*INSTRUCTIONS FOR THE TASK*. With the line containing "А вот и две" as the final line, restate exactly every line of the data below from the first one onward, and copy no pictures.

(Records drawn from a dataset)
*** Begin section ***

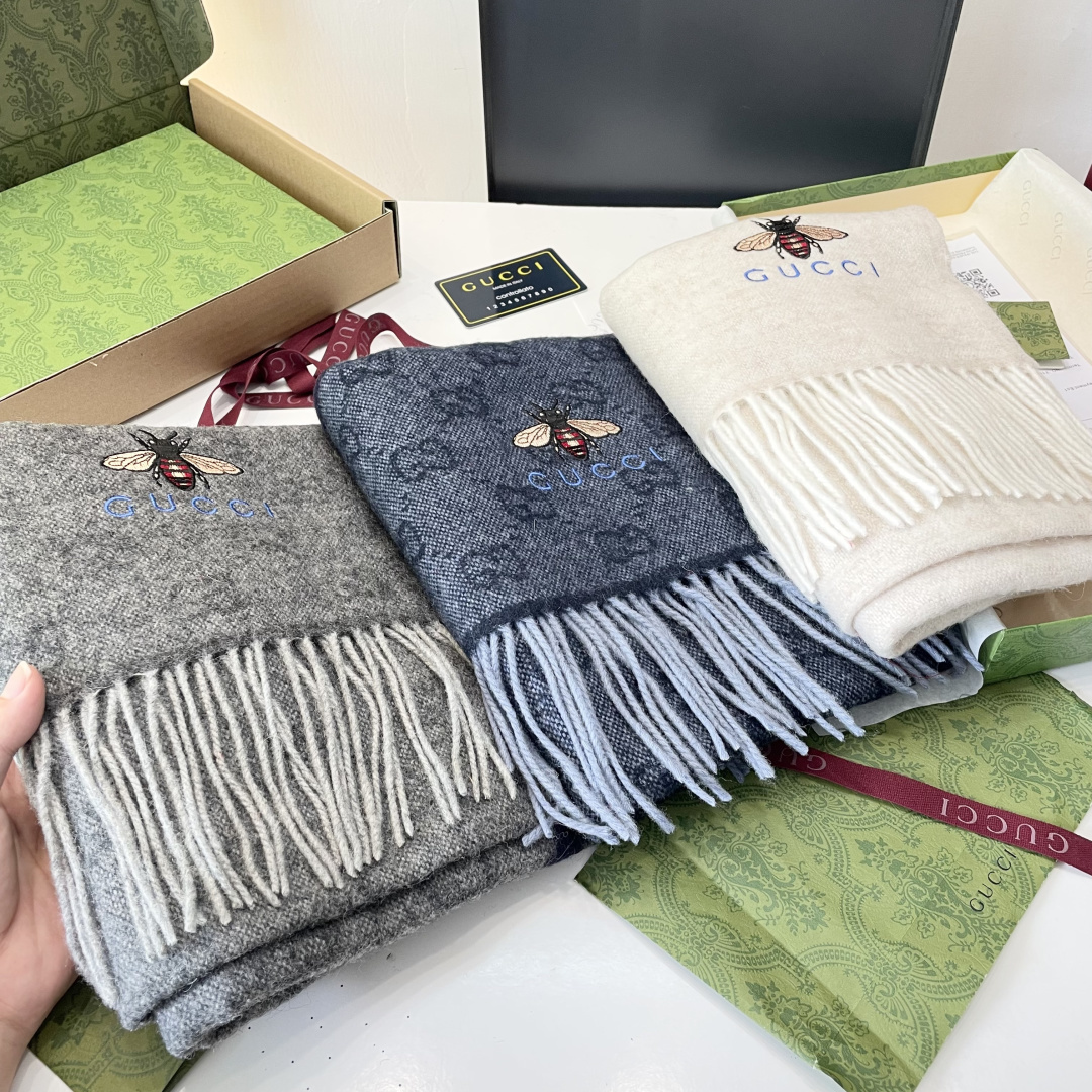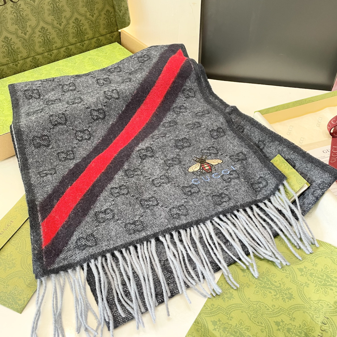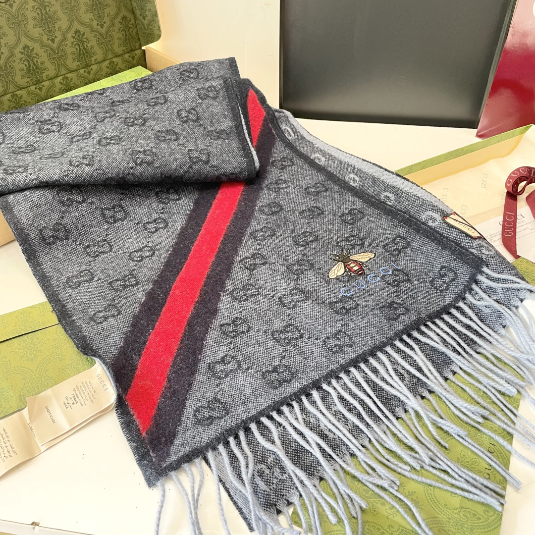 P165 vip推荐👍Gucci专柜最新款‼️🔥爆款哦 😘💍实物真心美 🎀条纹小蜜蜂🐝💓💃🏻无论设计都是非常到位☀️细节都可见🌟整个围巾给人大牌气场的同时又非常精致高端💟VIP推荐⚡️绝对值得入手的新款💟35*200cm 顶级羊绒长巾.
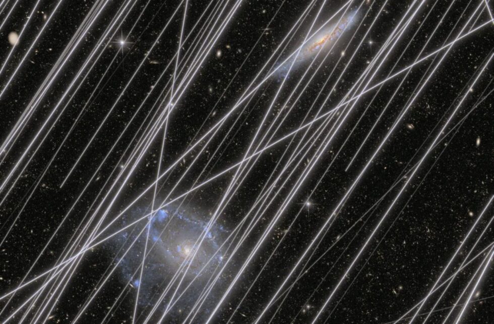 Nella foto un’immagine simulata che rappresenta la contaminazione proiettata dalle scie satellitari in uno dei futuri telescopi spaziali. Le strisce di luce riflesse dai satelliti artificiali per le telecomunicazioni mettono in ombra l’immagine altrimenti incontaminata di due galassie che interagiscono sullo sfondo. Immagine: NASA / Borlaff, Marcum, Howell (Nature, 2025)
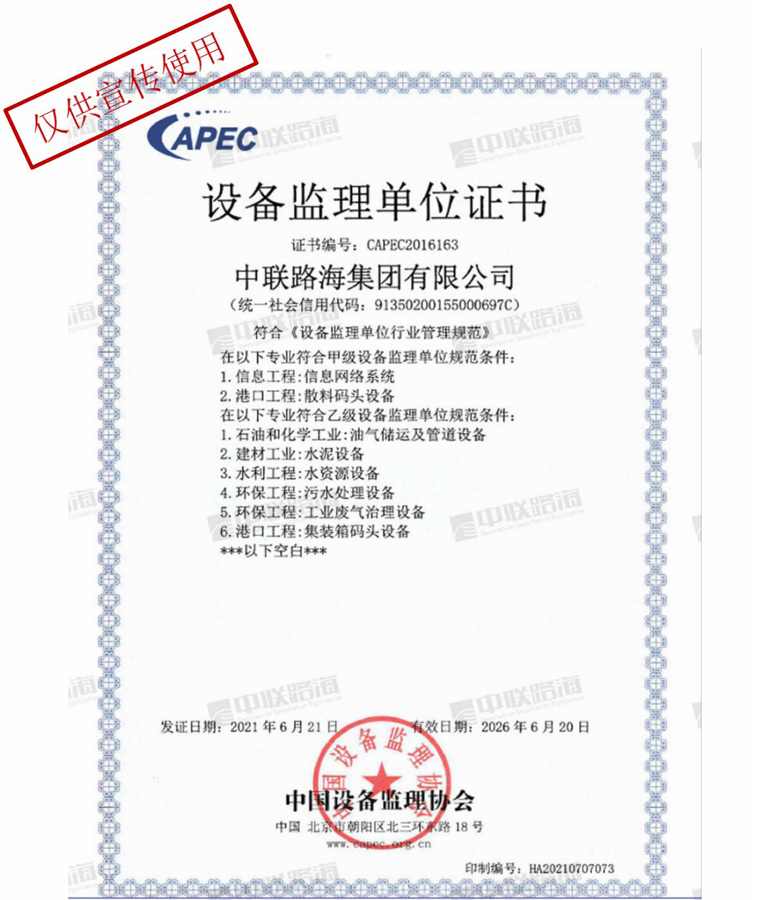 设备监理单位证书
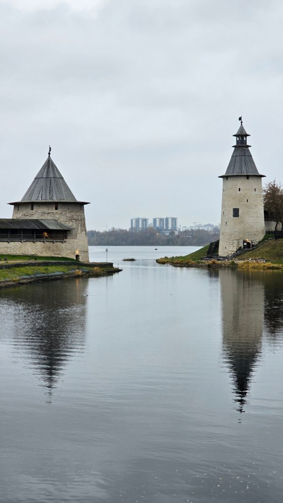 А вот и две башни в устье Псковы — Плоская и Высокая.
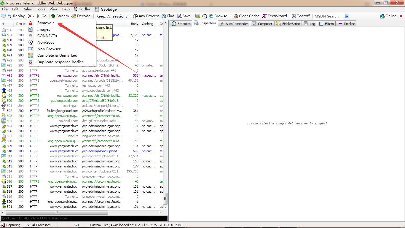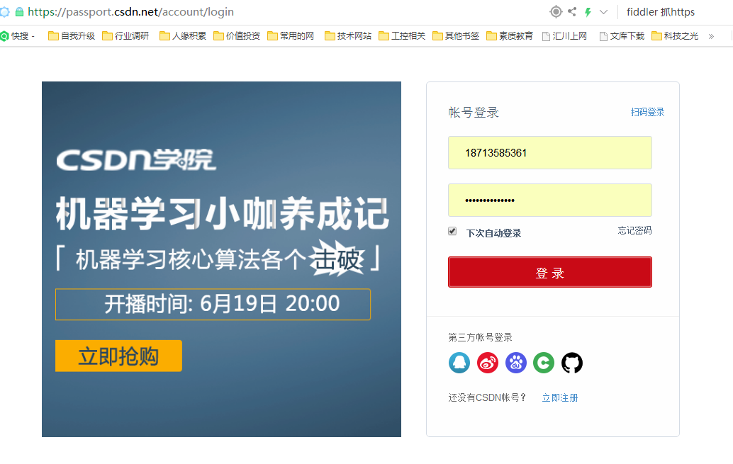 这两步完成,基本上既可以抓https的数据包了。下面开始,关闭浏览器所有页面,只打开csdn登陆页面,然后清除fiddler所有连接信息,清除所有,便于登陆的时候抓包。
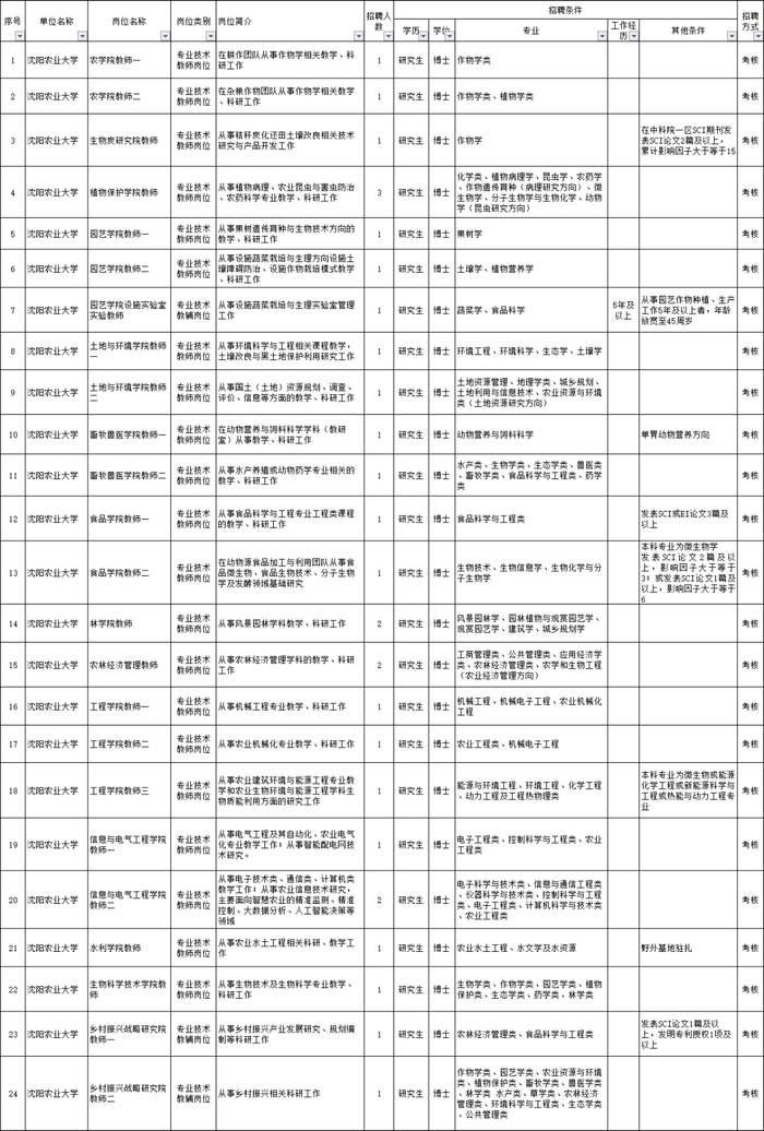 17.沈阳农业大学公开招聘29名高层次人才
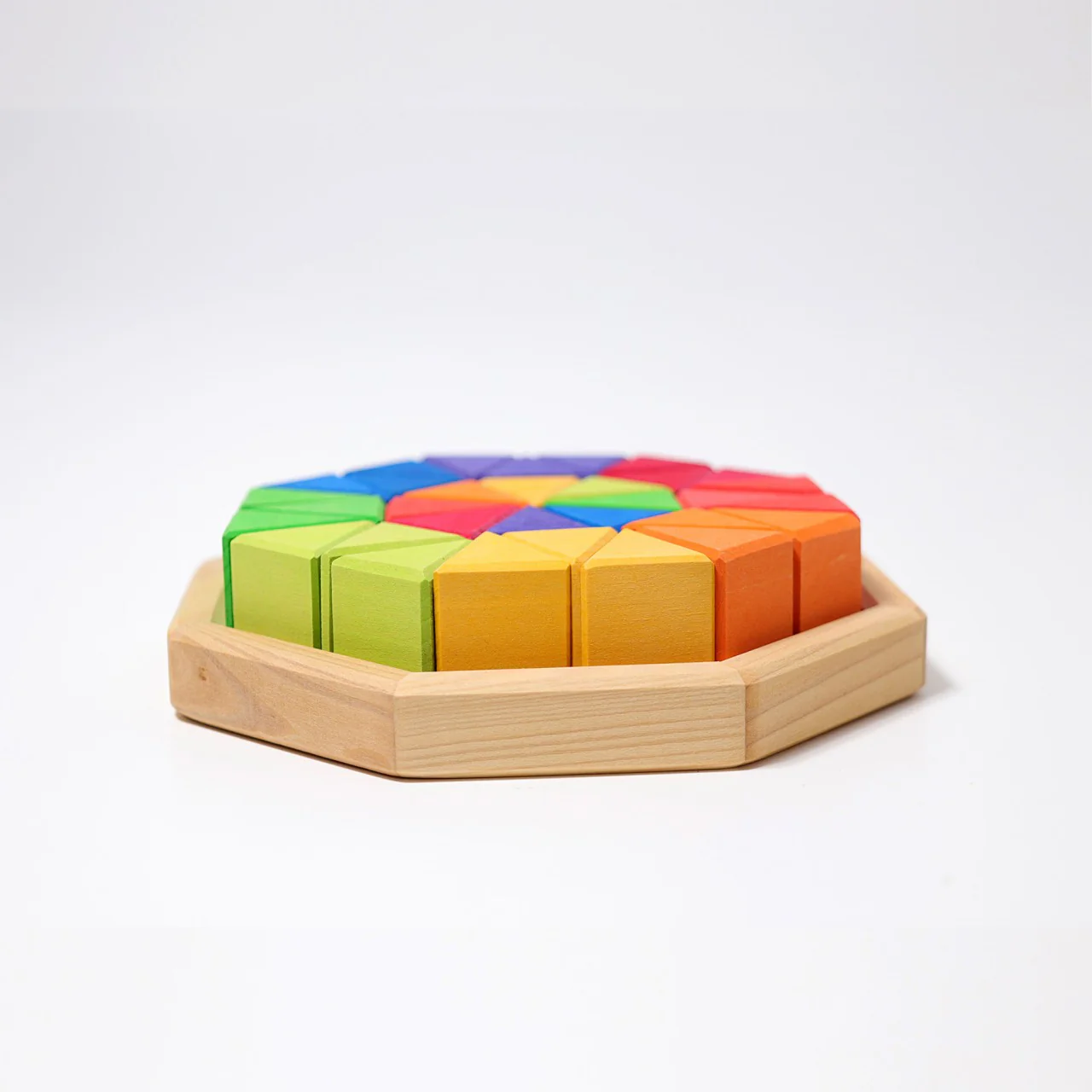 Puzzle de 32 bloques de colores triangulares en base de madera con forma de octógono. Hasta los niños más pequeños pueden explorar las formas geométricas cuando construyen con estos triángulos. Estupendo para trabajar la coordinación y la motricidad fina.
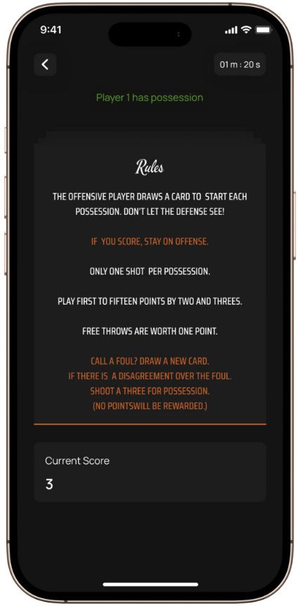 Take Your ShotEach play is unique with randomized Challenge Cards! Draw a card to see your next move, from shooting drills to bonus challenges. Step up, complete the card, and rack up points. Ready to score?Let the game guide you. Each card is a new opportunity.
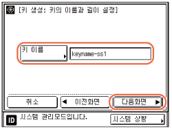 [키 이름]을 누르고 → 화면 키보드를 사용하여 개인 키(최대 24자)의 이름을 입력한 다음 → [확인]을 누릅니다.

*** End section ***

*WRITTEN RESPONSE*.
 P165 vip推荐👍Gucci专柜最新款‼️🔥爆款哦 😘💍实物真心美 🎀条纹小蜜蜂🐝💓💃🏻无论设计都是非常到位☀️细节都可见🌟整个围巾给人大牌气场的同时又非常精致高端💟VIP推荐⚡️绝对值得入手的新款💟35*200cm 顶级羊绒长巾.
 Nella foto un’immagine simulata che rappresenta la contaminazione proiettata dalle scie satellitari in uno dei futuri telescopi spaziali. Le strisce di luce riflesse dai satelliti artificiali per le telecomunicazioni mettono in ombra l’immagine altrimenti incontaminata di due galassie che interagiscono sullo sfondo. Immagine: NASA / Borlaff, Marcum, Howell (Nature, 2025)
 设备监理单位证书
 А вот и две башни в устье Псковы — Плоская и Высокая.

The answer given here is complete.